Don’t you just love technology? OK, so it kind of takes over our lives sometimes and swallows up too much of our free time (if we let it), but on the whole technology enriches our everyday lives. Here in the West of Ireland I use Google Earth to look for likely places to fish. Much of the fishing for trout on the small rivers around here is not recorded or easily available, even to locals. Trout are seen as inferior to salmon and nobody really pays them much attention, which is a bit of a double-edged sword. The rivers are in general lightly fished once you are off the beaten track but they are heavily overgrown and access to the banks is a royal pain in the bum.
The Robe flowing through a wooded section
Today is a cold and miserable day outside, so after our normal walk Nessie and I are settled in the warmth of the sitting room. Laptop open and internet connected I am scanning Google Earth for tell tale signs of potential new fishing spots. There is a logical sequence to this process, the first question being can I even get to a part of the river? You see roads in Mayo are few and often end some distance for the riverbank. Even if there is tarmac close to the water, deep drains or rough ground can make the few hundred yards between the place the car is parked and the river difficult or even dangerous. And don’t even start me on parking! As a rule there is nowhere to park. Roadside verges are universally soft/boggy and more than once I have returned to find the old VW listing heavily to one side where she has sunk in the muck. Roads are very narrow and used by farm machines mainly, so you have to be very careful when looking for a spot to park up. Right now I am eyeing up a section of the River Robe I have never fished before and I can see why – there is no road close by and there are lots of wide drains in the area. I will keep looking……………..
A very productive stream which I found thanks to Google Earth
Hang on, here is the remains of the old disused Sligo to Galway railway track which may just be OK for parking the car. It is still quite a long way from the river but in my experience the old railway is good for walking on and this could be just what I am looking for. A lot will depend on the ground and if it is solid enough for parking, but it looks promising so far.
The river is off this map, just to the North along the disused railway track
Now comes the second step – is this stretch even worth fishing? These limestone rivers often have long, deep, slow stretches which hold very few trout. For example, the 4 miles immediately upstream of Ballinrobe are almost dead straight, 10 – 20 feet deep and resemble a canal more than a river. Great of you are fishing for Pike but pretty rubbish for Brownies.
Now for the final step. This is where technology really helps out. Zooming in to an eye height of about 200 metres there is sufficiently good resolution to make out key features of the river. Bigger stuff like weirs and bridges are easy to find of course, but I look for any feature which could possibly be of interest to the fish and therefore to me. Sharp bends, fallen trees, shallows, narrows etc could all possibly be spots worthy of a few casts.

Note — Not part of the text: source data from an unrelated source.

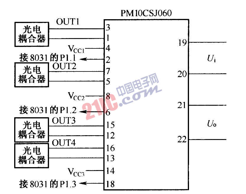 PWM信號(hào)與IPM智能功率模塊PM10CSJ060的連接:
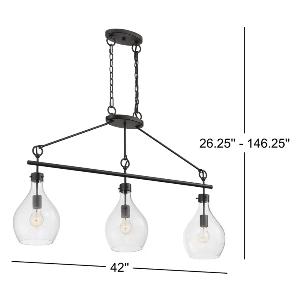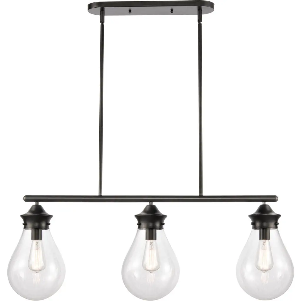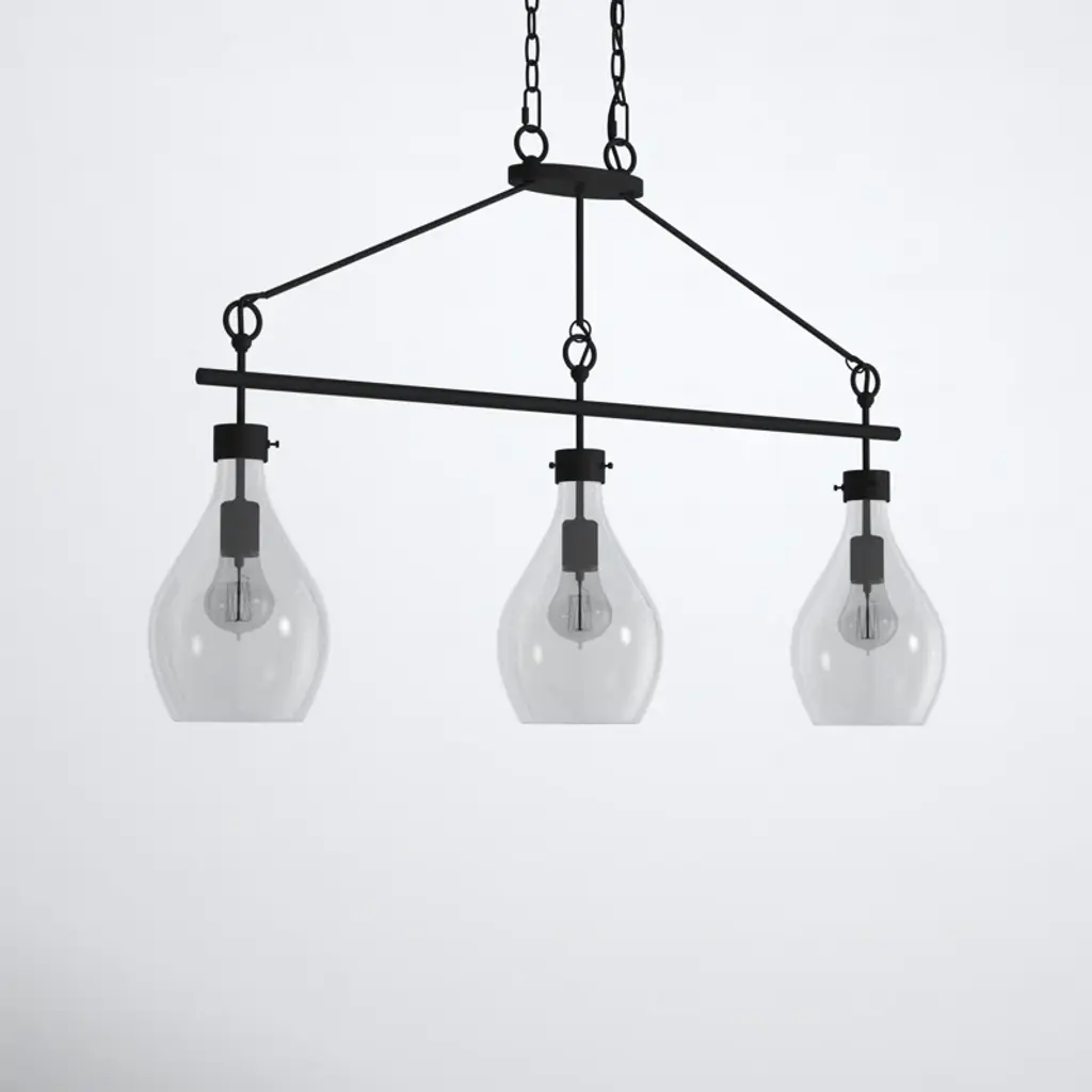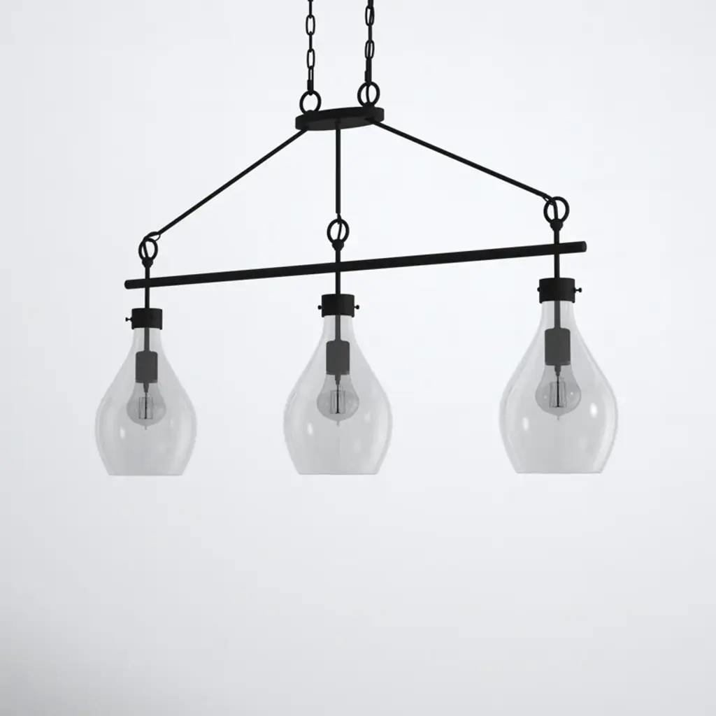 This 3-light teardrop pendant is just right for illuminating your kitchen counter, whether you're hosting cocktail parties or supervising homework hours. It's crafted from metal in an industrial-inspired, linear silhouette with three shapely glass teardrop shades. This pendant light fills any space with plenty of ambient lighting from three standard bulbs up to 60W each (sold separately). Plus, it's dimmable, so you can set just the right ambience for any occasion. This fixture hangs from an adjustable-height chain that's compatible with sloped ceilings, so it's a sure fit for your home.
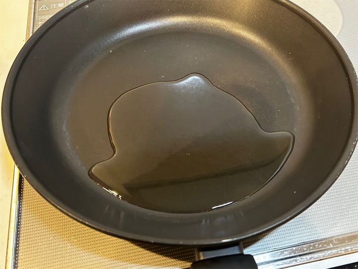 というわけで、フライパンにサラダ油を大さじ3ほど入れてみました。
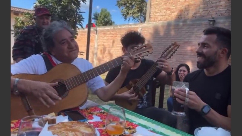 En una sobremesa y con un simpatizante de River Plate con la guitarra, el Apache interpretó a pulmón “Canto a Monte Quemado”, de Los Manseros Santiagueños, y el “show” fue transmitido en vivo por su cuenta de Instagram.

Above is a screen shot of a short section of the Robe which I have fished for several seasons now. The most obvious feature is the falls on the bottom left of the photo. I initially thought this would be a great pool but in practice it is very deep and turbulent and has only yielded an occasional trout for me. The river is shallow above that pool and holds mainly small fish, but wading upstream I found a good lie under that bright green tree in the bottom right of the shot. So your original target pools may end up not being that good but you can still find good fish in that area.
Depending on the time of year when the images were taken it is sometimes possible to make out weedbeds under the surface. Streamy water appears as lighter areas and while it is impossible to make out things like individual rocks which divide the flow it there is sufficient evidence to make intelligent guesses about where fish would lie. This is not an exact science and many, many times I have been disappointed to find upon arrival the river is not accessible/fishable. Then again, this usage of Google Earth has led me to some truly wonderful fishing that would have taken me much longer to find by simply wandering up or downstream from a bridge (the normal method hereabouts).
Features like this weir as easy to find, see below:
In summary, Google Earth is a valuable tool when time is at a premium and hours/days spent driving down country boreens (roads) and hiking across fields only to find barren water is a waste of time. With experience you can make a pretty good guess at where to try and save you a lot of time and hassle. Always remember to ask for permission from landowners before crossing fields and follow the country code, closing all gates behind you.